LEBENSZEIT Wir sehen, dass die Welt sich verändert und dass auch wir selbst uns in diesem Zuge verändern müssen. Wie leben wir in dieser Zeit mit minimierten Kontaktmöglichkeiten? Als Erstes ist uns klar, dass wir in unserer »Minifamilie« nicht allein dastehen. Ich bin so dankbar, meinen Alltag zusammen mit einem geliebten Menschen teilen zu dürfen. Umso länger die Zeit des Zu-Hause-Seins andauert, desto mehr wird mir deutlich, wie wertvoll diese gemeinsam verbrachte Lebenszeit für mich doch ist – einfach aus dem Wissen heraus, dass es in dieser Zeit nur einer flüchtigen Ansteckung bedarf, um das Leben zu verlieren.
Unser Zuhause ist für mich wie eine Insel der Selbstbestimmtheit und gleichzeitiger Sicherheit geworden. Unsere Schabbatot sind in dieser Phase »der« Lichtblick der Woche. Er ist noch wichtiger, noch mehr Urlaub und Geschenk für uns geworden als vor der Corona-Zeit. Er stärkt und nährt unsere Seelen, wie keine andere Reise es bisher vermochte.
EUROPÄISCHE UNION Viele von uns fragen sich jetzt: Hat die EU Fehler gemacht? Die Frage ist mit einem klaren Ja zu beantworten. Wie bei jeder Katastrophe werden zunächst viele Fehler gemacht, und es braucht Zeit, bis man das Problem wirklich versteht und analysieren kann, um dann eine maßgeschneiderte Lösung zu finden. Schlagwörter wie Lockdown und Notbremse werden zurzeit in Gesetzesentwürfen und in den Medien diskutiert, wobei sie die Bürger nur weiter verunsichern und noch mehr Angst und Zweifel schaffen.
Ganz offen gesagt, ich halte es für ein Desaster, was zurzeit auf der politischen Bühne passiert. Das Einzige, was die EU jetzt dringend tun sollte, ist, so viele Menschen wie möglich zu impfen. Wären sie nur dem Beispiel Israels gefolgt, anstatt es zu kritisieren!

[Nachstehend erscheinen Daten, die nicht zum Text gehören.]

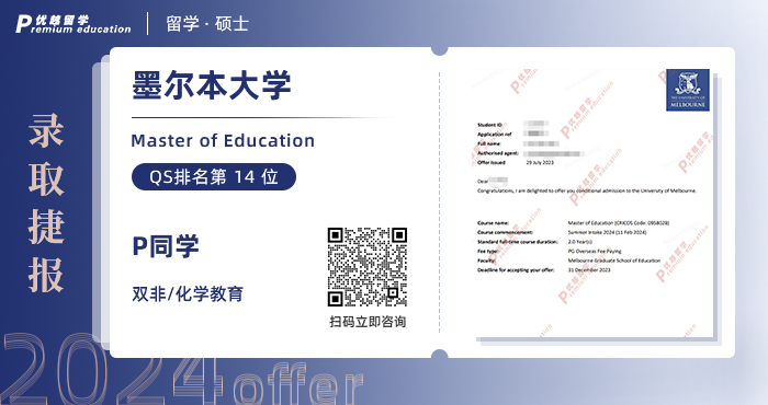 2024offer來襲!恭喜P同學在碩士留學申請中斬獲墨爾本大學教育學碩士通知書!
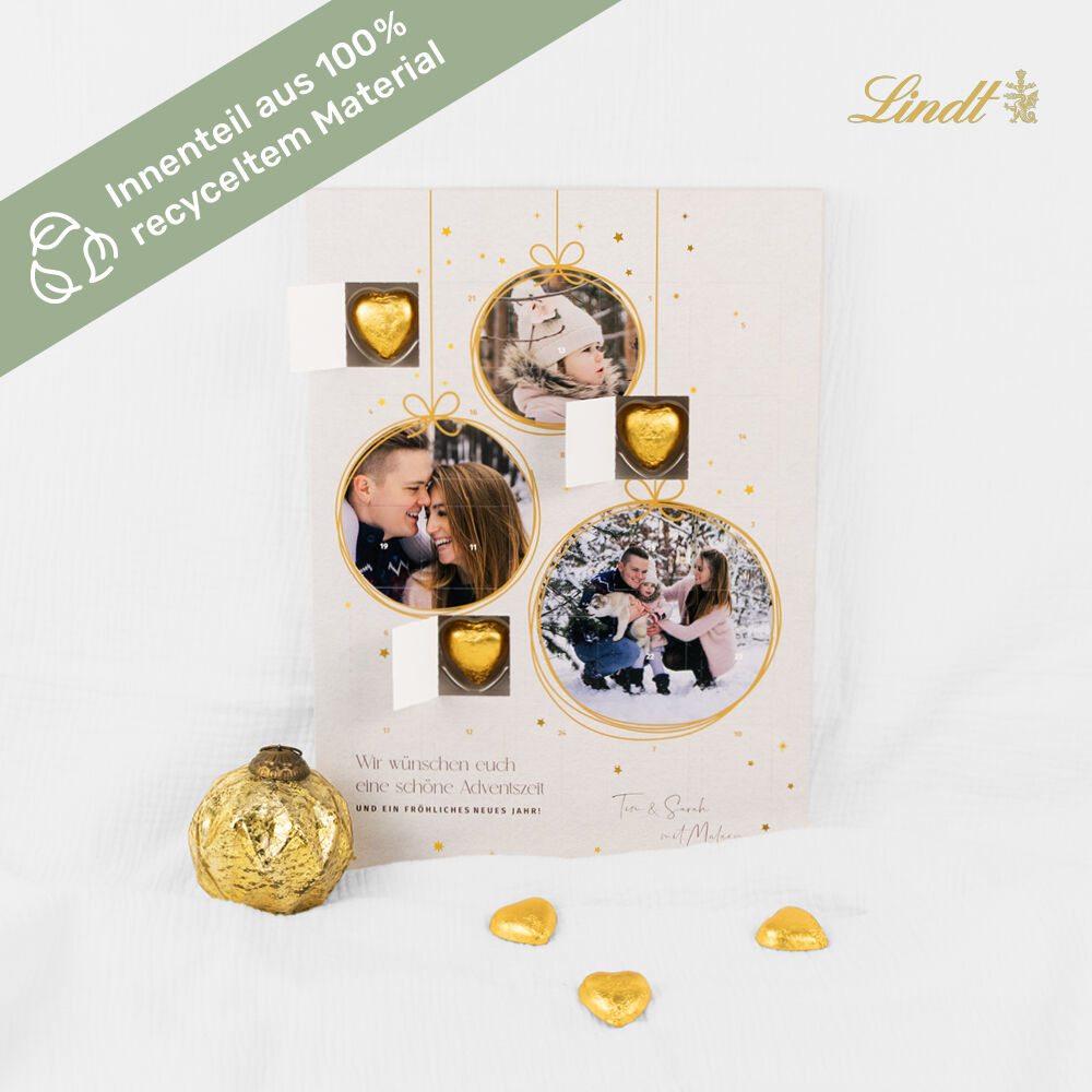 24 feine Lindt-Schokoladen versüssen die Vorweihnachtszeit deiner Liebsten. Schenke einen individualisierten Adventskalender mit 23 Lindt-Schokoladenherzen und hinter dem 24. Türchen versteckt sich ein zartschmelzendes Pralinenherz von Lindt Lindor. Das Inlay ist aus 100% recycletem Material hergestellt.

Wie kommt man in dieser Situation wieder zu einer Haltung, die Hoffnung statt Angst vermittelt? Und was hat das alles mit Religion zu tun? Mehr als man im ersten Augenblick erkennen mag.
MESUSOT Die Mesusot in meiner Wohnung habe ich neu entdeckt. Sie jetzt öfter am Tag zu berühren, erinnert mich daran, dass es etwas Größeres gibt als unsere Einschränkungen. Es gibt eine wunderbar geschaffene Welt und das Leben an sich. In diesen Tagen hilft mir die Dankbarkeit dafür, dass ich gesund bin, an eine Zukunft zu glauben, wie es sie schon zur Zeit der Schöpfung gab. Das Leben ist heilig und ewig, solange Haschem (G’tt) es so will.
Die Zeichen dieser Zeit sind für mich eine Aufforderung zur Umkehr, die Natur zu respektieren und Haschems Willen zu folgen, »Herr« in dieser Welt zu sein und nicht kopfloser Narr. Die Liebe an den Tag zu bringen und nicht ihr unnützes Gegenteil. Endlich habe ich genug Zeit, nach dem Essen, in Ruhe und ohne Hast, das Birkat Hamason zu beten, der Bedeutung nachzusinnen und voller Zuversicht auf das Morgen zu sein.
WUNDER Wissend, wie schlimm diese Zeit für sehr viele Mitmenschen ist, bin ich trotzdem voller Glauben, dass es ein anderes Danach geben wird, weil Haschem diese Welt und unser Leben bestimmt hat durch seine Liebe und Wunder. Die Isolation regt uns an, besser auf andere zu achten und ihnen eine Stütze zu sein.
Auch glaube ich, dass sehr viele Menschen die Notwendigkeit erkennen, sich wieder mit Haschem zu verbinden. Denn nur durch die Kraft seiner Liebe werden wir es schaffen, die Welt und unser Leben zu verändern. Hoffungsvoll bleibt man, indem man sich auf das Gute konzentriert, das es gerade jetzt gibt: die Zeit, zu lernen, sich zu besinnen und Schiurim zu sehen oder zu hören!